What you need to do: With pictures left out, set down exactly the lines from the line containing "당사는 칩 개발팀, 제품" through the last line of the data.

Given material:
-------
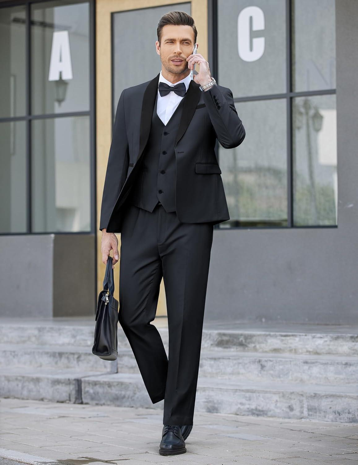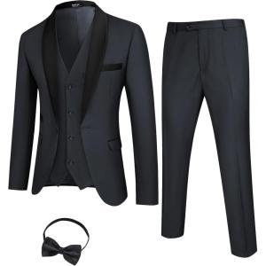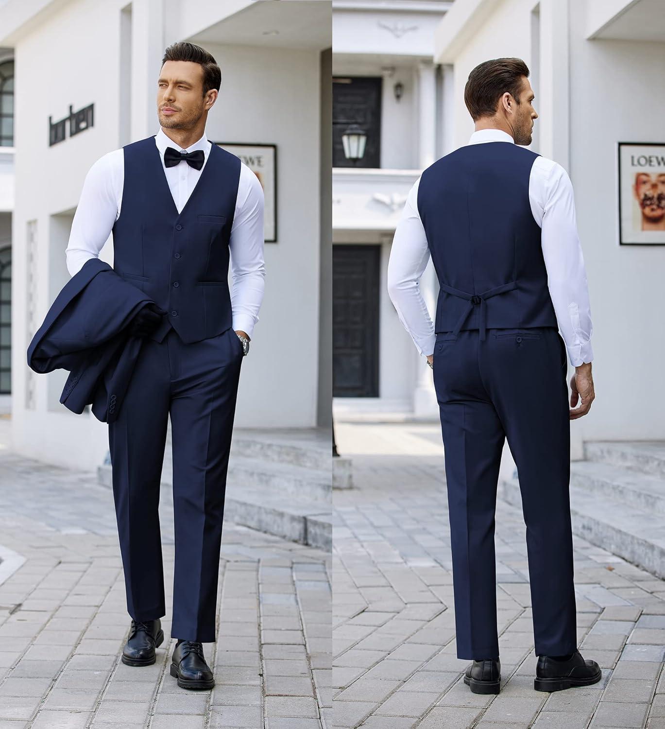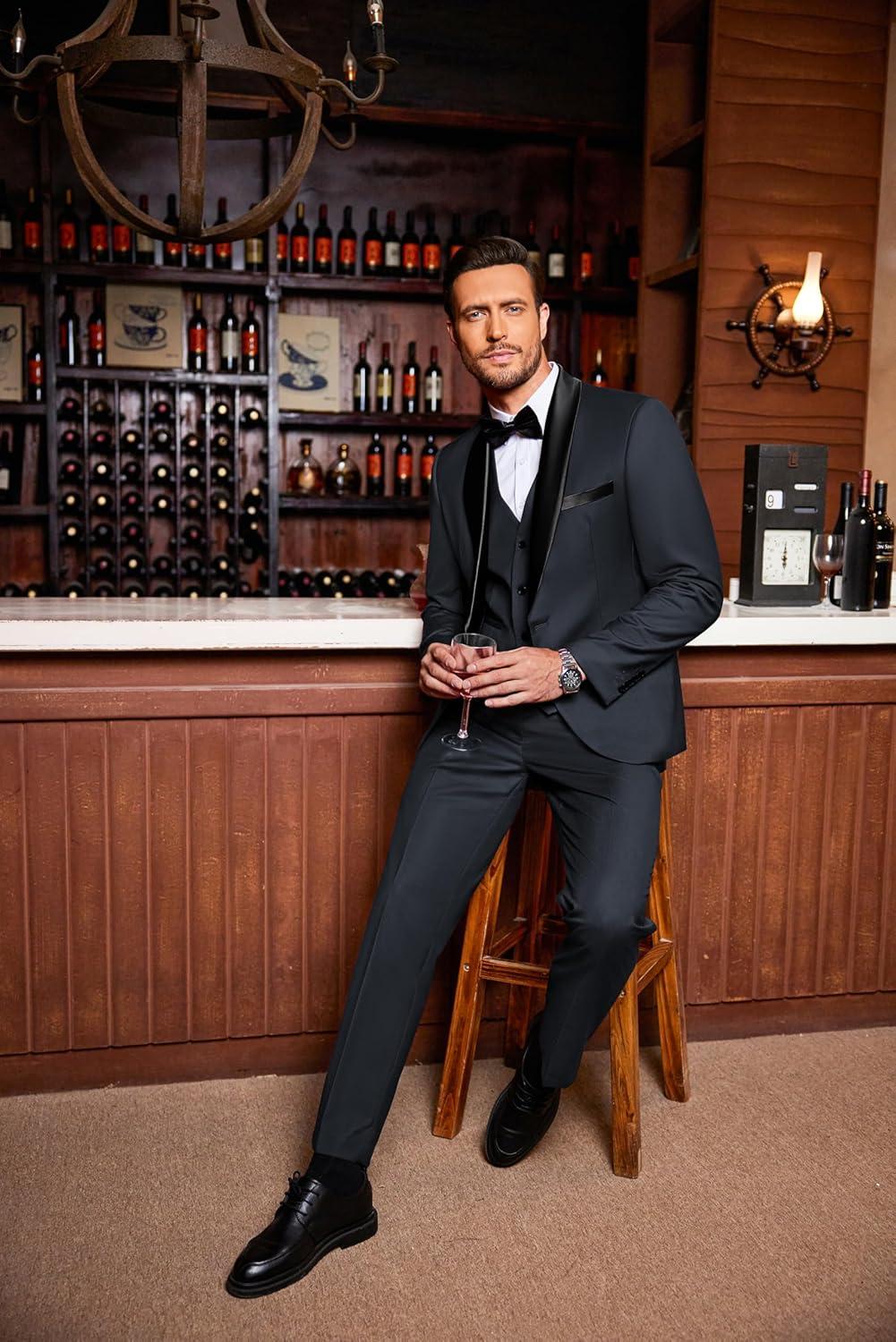 COOFANDY Men’s 3 Pieces Suit Slim Fit Tuxedo Set One Button Shawl Lapel Dinner Prom Jacket Vest Pants with Tie(Navy Blue)
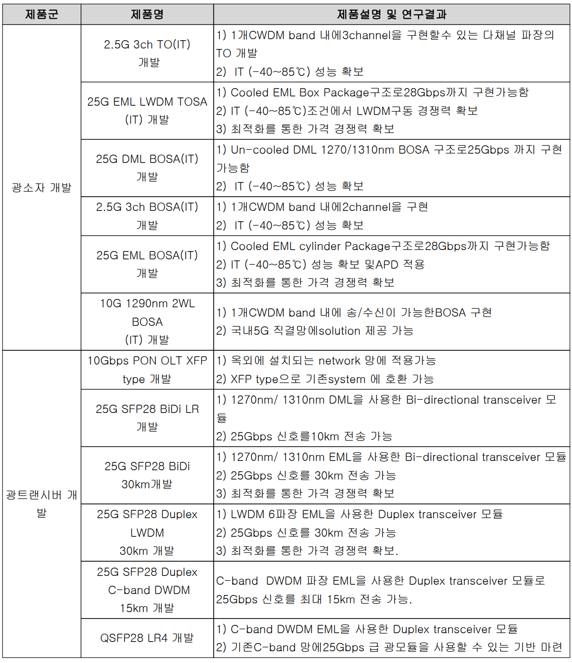 당사는 칩 개발팀, 제품 개발 팀 및 선행 기술 개발 팀 등으로 구성된 연구소 조직을 통하여 다양한 광통신 관련 소자와 트랜시버를 연구, 개발하고 있습니다. 광트랜시버는 고객사로부터 수주를 받기 위해서 제품 단품의 승인과 시스템에 장착 후 성능 시험 등을 장기간 검증해야 하기 때문에 당사의 선행 개발 및 차별화된 제품 확대가 매우 중요합니다.
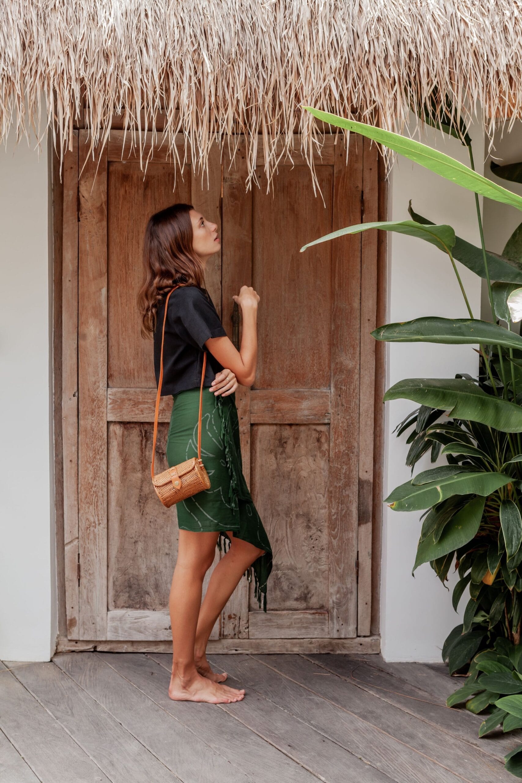 Dress it up or dress it down. This natural rattan purse may just be your new favorite accessory. Handmade in Bali, features include: circle body shape, leather strap with metal snap closure, and lined with traditional batik fabric.
-------
The answer:
 당사는 칩 개발팀, 제품 개발 팀 및 선행 기술 개발 팀 등으로 구성된 연구소 조직을 통하여 다양한 광통신 관련 소자와 트랜시버를 연구, 개발하고 있습니다. 광트랜시버는 고객사로부터 수주를 받기 위해서 제품 단품의 승인과 시스템에 장착 후 성능 시험 등을 장기간 검증해야 하기 때문에 당사의 선행 개발 및 차별화된 제품 확대가 매우 중요합니다.
 Dress it up or dress it down. This natural rattan purse may just be your new favorite accessory. Handmade in Bali, features include: circle body shape, leather strap with metal snap closure, and lined with traditional batik fabric.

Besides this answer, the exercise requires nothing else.